We love our restaurant, but for 3x its value?

Claire Sabatini, who eventually, perhaps reluctantly, sold

Mr. Banin did even better, as his pawnshop’s sale price rose tenfold, from $169,500 to $1,600,000.

”I never thought that in the U.S. because one party wants something it will be backed up by the government,” said Peter Banin, 42, a Russian immigrant and a goldsmith, runs the Golden Island, a jewelry business and pawnshop. ”Here, you buy it, you pay for it, you work to pay for it again, and then CRDA says, ‘I want this.”’

That is the conundrum of eminent domain, one inherent in urbanizing, verticalizing, and technologizing cities.  For his property and his emotional distress, Mr. Banin (who as a pawnshop owner would have been very familiar with the concept of economic necessity and putting a price on memories) was at least both vindicated and compensated:

Finally, though the Sabatinis and Mr. Banin eventually became reluctant if profitable sellers, Ms. Coking remained, to the last, Part 6, A holdout, and Part 7, The owner:

After decades of happily running her boarding home, Ms. Coking was eventually relocated to the ground floor before her family moved her out.  Now 91, she lives at a retirement home in the San Francisco Bay Area.

I find myself immensely happy for her.  But her property eventually closed, and was eventually foreclosed and sold at auction:

Soon bidders began driving the price up in increments of $5,000.

An hour later, the bidders were down to two.

The winning bidder, whose name was not disclosed, took the home for $530,000 plus the 10% auction commission.

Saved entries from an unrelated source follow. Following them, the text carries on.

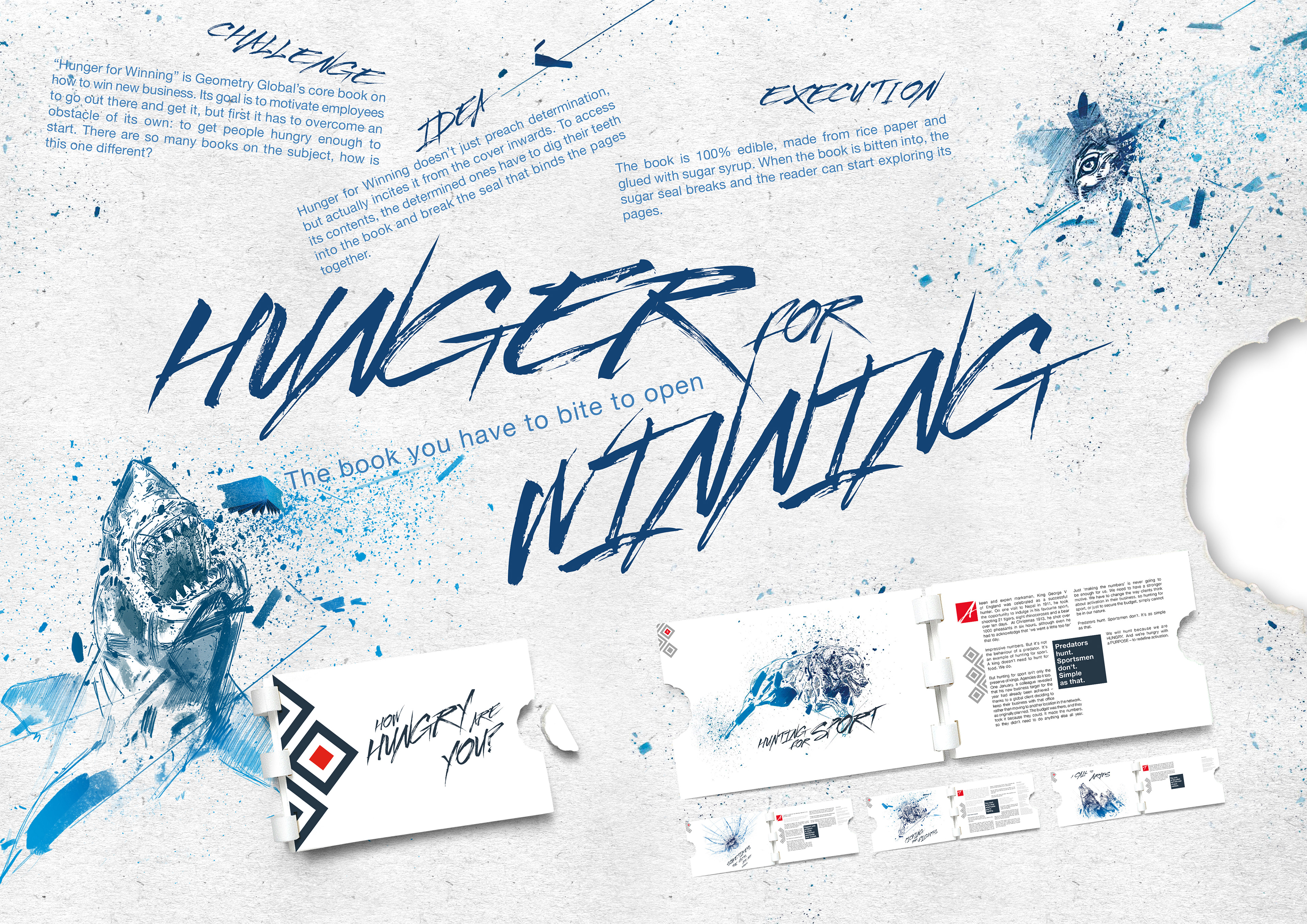 To demonstrate Geometry Global's ravenous appetite for new business and share it with our employees worldwide, we produced a book which you had to bite to open, and could be eaten whole.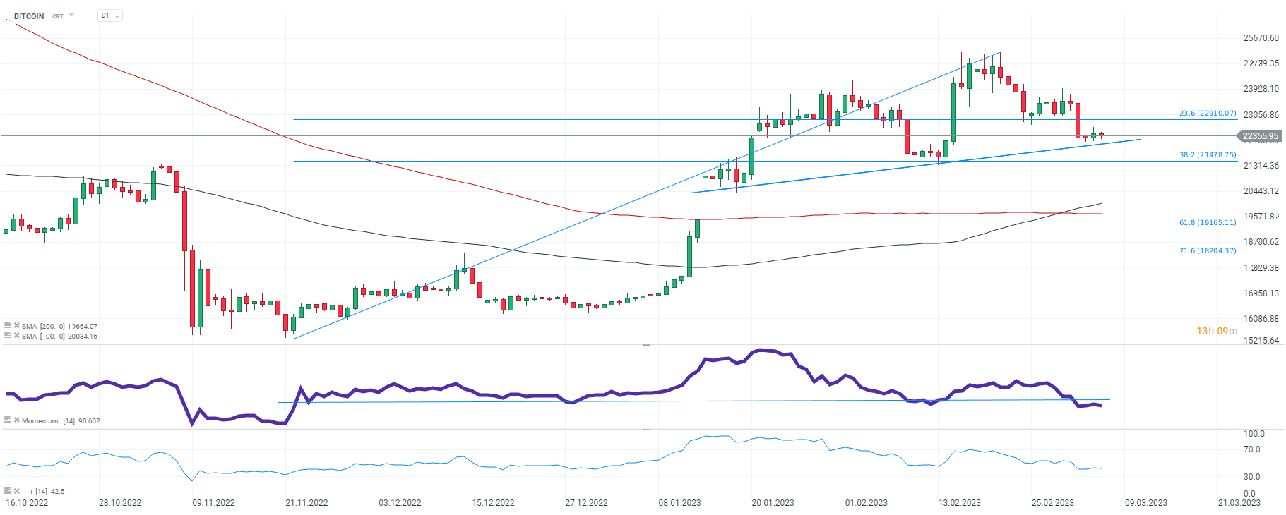 Bitcoin chart, D1 interval. The price is still holding an upward trend line from which an upward breakout is possible. However, if prices follow the upward trendline downward, the key zones may turn out to be the 38.2 Fibonacci abolition of the upward wave started in November at $21,500 and the aforementioned SMA200 (red line), which runs around $20,000. So far, the bullish formation of the golden cross, i.e. the intersection of the SMA100 (black line) above the SMA200 has still not resulted in increases. Source: xStation5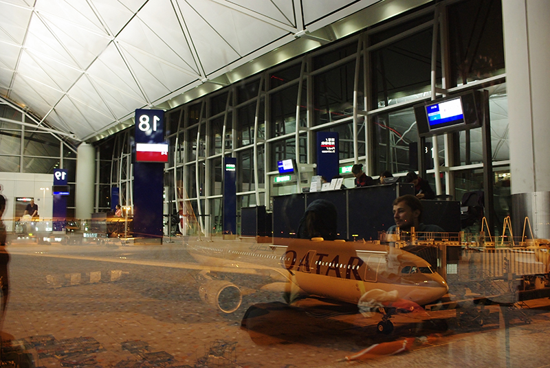 我们的航班凌晨从HKG出发,卡塔尔 航班的机位非常好,总是在过安检后最近的几个登机口登机。不像上次搭乘air asia, 整整快步走了15分钟才到最角落的登机口,到达时已经是last call了

Notwithstanding the lack of confirmation, I think it was on behalf of Trump Entertainment; why else would the buyer choose to be anonymous?

turmp_smug

Because I’m shy?

Our concept of private property derives from the pre-technological and agrarian era: a homestead was land that a family settled upon, built upon, fenced, and defended.  The homestead had no infrastructure: the homesteader built his own water and sanitation; there was no electricity, and vehicles followed dirt paths and roads.  The homestead owner had the right to remain foolish; the right to remain stubborn; ornery; as long as he remained independent, no one could tell him what to do with or on his own property.

keep_out_sign

Past here, you do not own and have no right to enter

But the modern world depends on infrastructure; infrastructure depends on networks; and infrastructure establishment costs are usually greater than can be supported by the recurring revenues from users.  If a city is to sustain infrastructure, therefore, government must finance and subsidize it, and if the infrastructure is to be retrofitted into a previous urban grid, then eminent domain is necessary. 

In many ways, this tussle between Ms. Coking and Atlantic City was prefigured in Aldous Huxley’s 1932 Brave New World, which envisioned an entire society of benevolent government in which everyone’s property rights – in fact, everyone’s personal rights, including their right of life – were subject to the all-knowing benevolent state, as personified by the aptly named Mustapha Mond (word code for ‘devil’s world’):

“In fact,” said Mustapha Mond, “you’re claiming the right to be unhappy.”

“All right then,” said the Savage defiantly, “I’m claiming the right to be unhappy.”

“Not to mention the right to grow old and ugly and impotent; the right to have syphilis and cancer; the right to have too little to eat; the right to be lousy; the right to live in constant apprehension of what may happen to-morrow; the right to catch typhoid; the right to be tortured by unspeakable pains of every kind.”

There was a long silence.

“I claim them all,” said the Savage at last.

Mustapha Mond shrugged his shoulders. “You’re welcome,” he said.